Task to carry out: Starting at the line that contains "At this stage, the", reproduce every line through the end of the entries below, with no pictures in the copy.

(Dataset items)

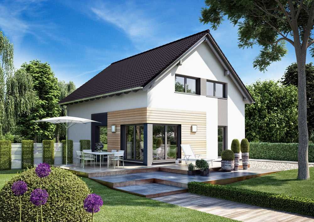 Die Architektur besticht durch klare Linien und einen markanten Rechteck-Erker, der durch einen dritten Giebel besonders hervorgehoben wird. Diese außergewöhnliche Gestaltung sorgt für eine optische Gliederung des Wohn- und Essbereichs und lässt dank großer Fensterflächen viel Tageslicht ins Hausinnere strömen.
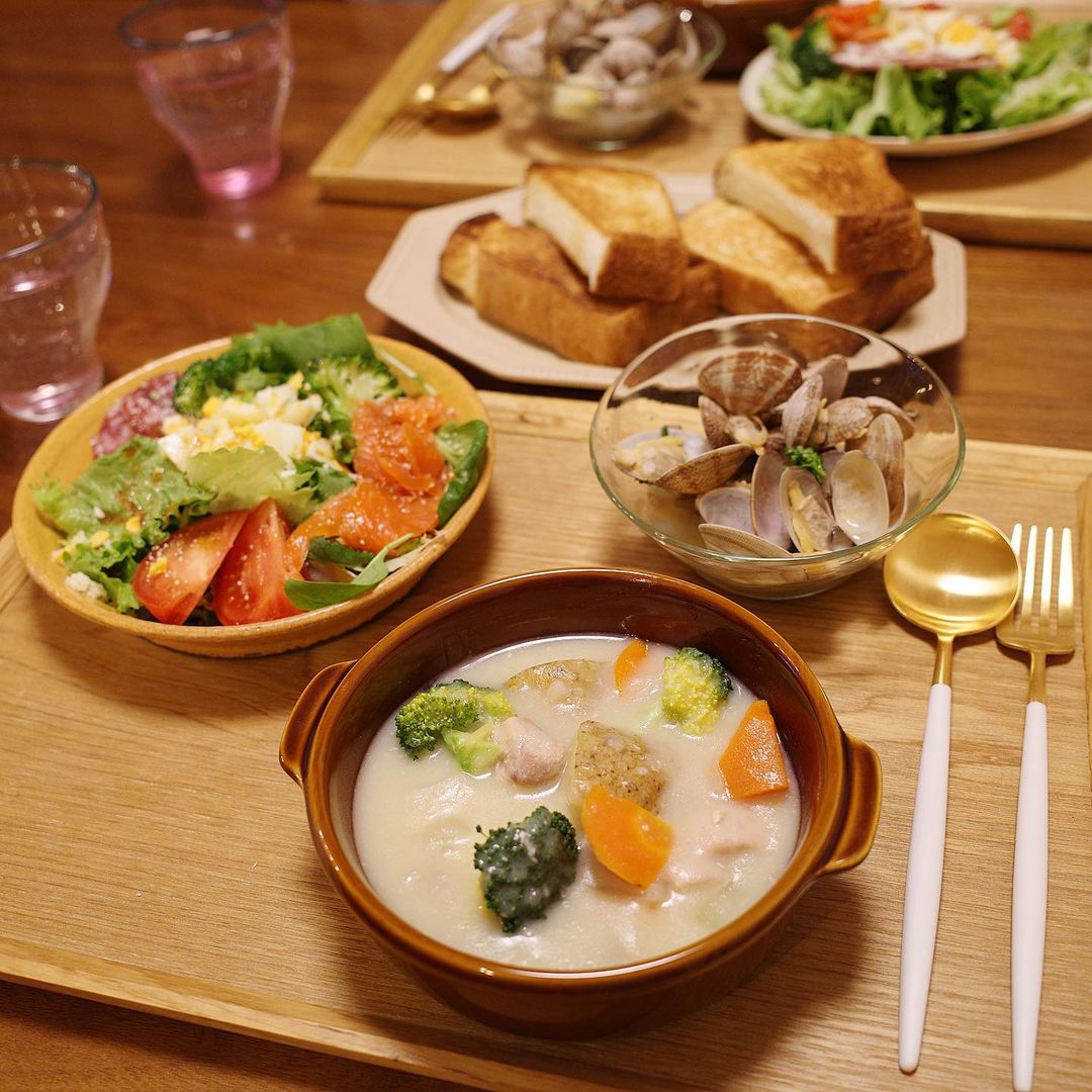 今日はクリームシチュー🌙 ・ 寒くなるこれからの時期は煮込み料理が増えそうだね👩🏻🍳🤍 ・ ✔︎クリームシチュー ✔︎サラダ ✔︎アサリの酒蒸し ✔︎パン ・ #ゆりあごはん #今日の晩御飯 #今日のごはん #クリームシチュー #あさり #腸活 #yuria_sato#佐藤優里亜Sato YuriaYuria Satoあさりクリームシチューゆりあごはん今日のごはん今日の晩御飯 腸活
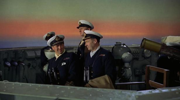 I don’t agree with the general lack of contemporary interest in The Battle of the River Plate (which was released in the US later in 1957, by Rank, as Pursuit of the Graf Spee). It is less expressionist than most P&P films and more concerned with the detail of the chase and the engagement and its aftermath. It doesn’t portray that 1940s idea of all working together, though we do see something of the ratings on the ships during the battle. The Captain Dove episodes do introduce us to the other captured Merchant Navy Captains and the potential of the Dove-Langsdorff relationship which could have been developed further. But overall it is a magnificent feat of filmmaking – a ‘big picture’, as was P&P’s intention. Naval historians and veterans will spot all the errors because of the use of substitute ships but it is a fine presentation of the historical event.
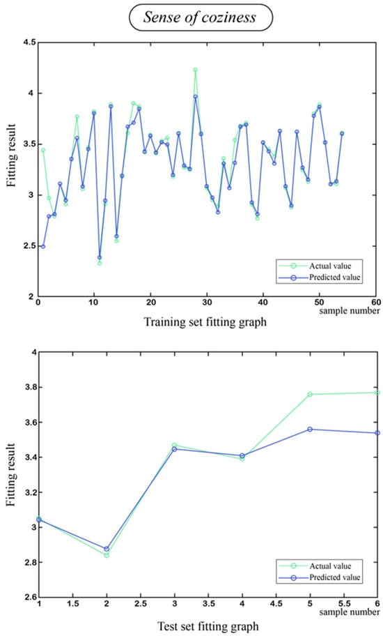 At this stage, the mathematical model of PSO-SVR was used for programming calculation, thus obtaining the set point and mapping function of optimization parameters. The collected sample data were divided into a training set and a test set proportionally, of which 90% (54 samples in total) were used to train the model and the remaining 10% (6 samples in total) were used to verify the model’s predictive performance. Firstly, the key design features of the sample were taken as input data, and the adjective of “sense of coziness” in the Likert score was used as the output value. The RBF was used to map the input value to the high-dimensional feature space; the PSO algorithm was introduced to search and optimize the key parameters of SVR globally, and a model was constructed in the feature space. Meanwhile, the coefficient of determination (R
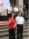 西安体育学院教务处处长张葆欣为足球学院红色先锋支教团授旗
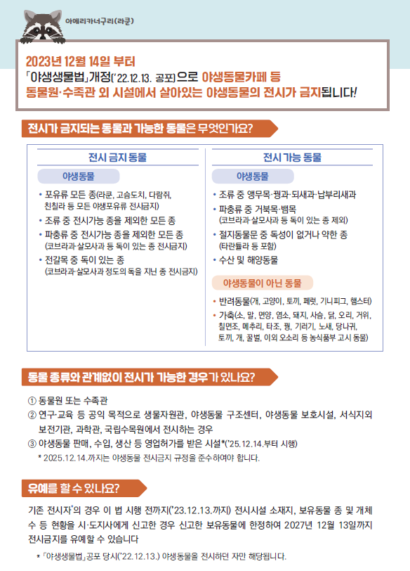‘야생생물법’ 개정으로 라쿤, 미어캣 등의 야생동물은 동물원과 같이 적정한 사육시설을 갖춘 시설에서 전시해야 하며 동물카페와 같은 시설에 대해서는 새로운 제도에 적응할 수 있도록 4년의 기간을 부여하면서 동물에게 스트레스를 주는 만지기, 먹이주기 등의 행위를 제한했다.

The completed task:
 At this stage, the mathematical model of PSO-SVR was used for programming calculation, thus obtaining the set point and mapping function of optimization parameters. The collected sample data were divided into a training set and a test set proportionally, of which 90% (54 samples in total) were used to train the model and the remaining 10% (6 samples in total) were used to verify the model’s predictive performance. Firstly, the key design features of the sample were taken as input data, and the adjective of “sense of coziness” in the Likert score was used as the output value. The RBF was used to map the input value to the high-dimensional feature space; the PSO algorithm was introduced to search and optimize the key parameters of SVR globally, and a model was constructed in the feature space. Meanwhile, the coefficient of determination (R
 西安体育学院教务处处长张葆欣为足球学院红色先锋支教团授旗
‘야생생물법’ 개정으로 라쿤, 미어캣 등의 야생동물은 동물원과 같이 적정한 사육시설을 갖춘 시설에서 전시해야 하며 동물카페와 같은 시설에 대해서는 새로운 제도에 적응할 수 있도록 4년의 기간을 부여하면서 동물에게 스트레스를 주는 만지기, 먹이주기 등의 행위를 제한했다.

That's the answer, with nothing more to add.